The Economic Counsellor and Director of the Research Department, IMF, Maurice Obstfeld, gave the warning Tuesday at a press briefing to unveil the latest World Economic Outlook at the ongoing IMF/World Bank spring meetings in Washington D.C.
According to Obstfeld, the IMF had been warning for a while that the current cyclical upswing offers policy makers an ideal opportunity to make longer-term growth stronger, more resilient, and more inclusive.
He pointed out that the “present good times” would not last for long, stating that “sound policies can extend the upswing while reducing the risk of disruptive unwinding”.
Obstfeld urged policymakers in Nigeria and other oil exporting countries to rebuild fiscal buffers, enact structural reforms, and steer monetary policy “cautiously in an environment that is already complex and challenging”.
He however forecast that inflation in sub-Saharan Africa was projected to moderate slightly in 2018 and 2019, but was expected to remain in double-digit territory in Nigeria, Angola, and key large economies on the continent.
This, he said, was a reflection of the pass-through effects of currency depreciation and their impact on inflation expectations, supply factors, and assumed monetary policy accommodation to support fiscal policy in Nigeria and Angola.
He welcomed the recent 44-country African Continental Free Trade Area (AfCFTA), which Nigeria declined to sign, saying it holds a lot of promises for the continent.
The AfCFTA gave birth to the world’s largest free trade area since the World Trade Organisation (WTO) was formed in 1995. It was signed during the 10th Ordinary Session of African Union Heads of State summit in Rwanda last month.
“There is room to strengthen the current system rather than risk bilateral fragmentation of international trade.
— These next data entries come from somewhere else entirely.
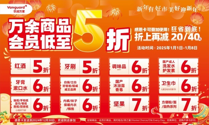 即日起至1月8日期間,華潤萬家萬余商品會員低至5折,日常囤貨類個人洗護、廚房清潔、調味品、方便食品及春節(jié)送禮紅酒、堅果等品類都在折扣范圍內;同時消費者領取的20元/40元感恩卡及68元減10元的微信支付優(yōu)惠券均可疊加使用,活動期間會員購買指定包裝休閑小食滿68元減30元,多買多減;會員購腌臘干貨滿150元立減50元,多買多減。
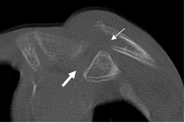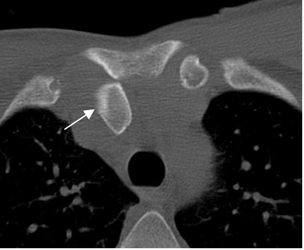 TAC axial. Desplazamiento posterior del tercio proximal de la clavícula, por luxación.
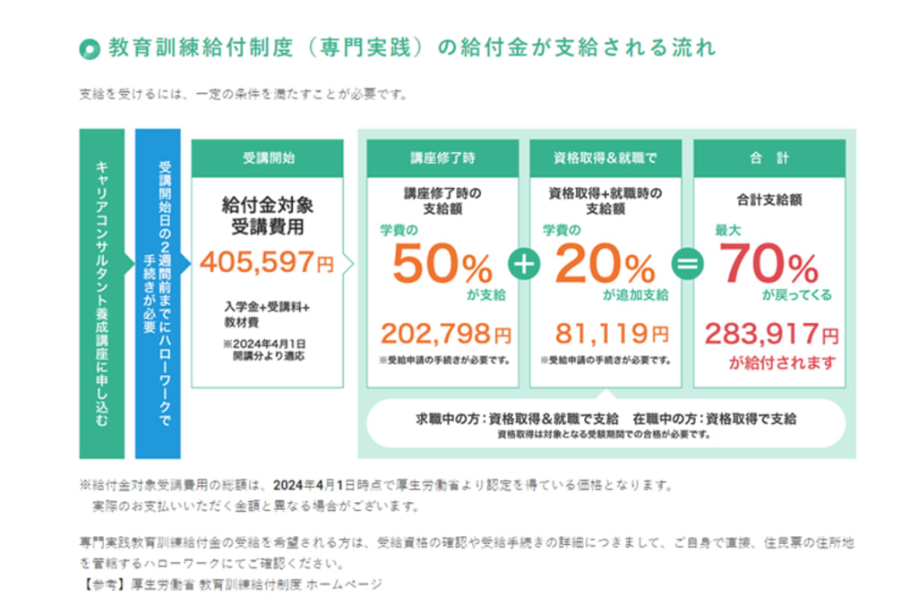 教育訓練給付制度(専門実践)の給付金が支給対象コースとなるので、利用によって最大70%支給されます。
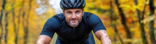 © taweesak, Fototapeta premium Male cyclist riding a bike in the autumn forest in warm weather Active lifestyle

Plurilateral arrangements, if consistent with multilateral rules, can also provide a useful springboard to more open trade.
“Each nation can do much more on its own to promote stronger, more resilient and more inclusive growth. Multilateral cooperation remains essential, however, to address a range of challenges in addition to the governance of world trade,” he said.
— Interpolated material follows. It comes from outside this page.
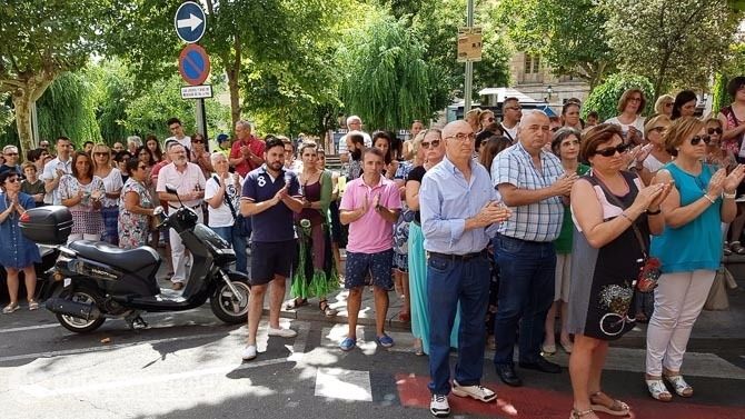 A las 13:15 horas alrededor de 150 personas se han concentrado a las puertas del Ayuntamiento de la Plaza del Grano para guardar un minuto de silencio por las víctimas del atentado producido ayer en Barcelona y que ha costado la vida de 13 personas y un centenar de heridos, además del intento de atentado frustrado en la localidad de Cambrils que finalizó con una intervención policial con cinco terroritas abatidos.

Obstfeld added: “Economic diversification away from excessive dependence on commodities, or on a few sectors such as agriculture or tourism, is an overarching imperative for commodity exporters and those countries that are particularly exposed to natural disasters.
“While there is no unique template for all circumstances, general policy attributes that facilitate diversification or help countries cope with climate shocks include sound macro management and judicious use of policy buffers to smooth fluctuations, investment in education and training to improve workforce skills, increased access to credit, and a reduction in infrastructure gaps.”
The Deputy Division Chief of the World Economic Studies Division at the IMF’s Research Department, Malhar Nabar, in response to a question, also noted that a lot of economies in Africa were benefiting from the improvement in commodity prices.
This, he said, had led to improvement in financial conditions in a number of countries in the region, with some of them accessing the Eurobond market.
“But there is need for them to ensure fiscal buffers and fiscal adjustment plans. There are still big challenges that the region faces, especially for the commodity exporters and oil exporters.
“They need to diversify away from their dependency on commodities to other sectors. Broadly, they need to put in place policies that promote broad-based growth and addresses constraints to sustainable growth,” he said.
He however said the direct impact of the ongoing China-US trade war presently was “quite muted on Africa”.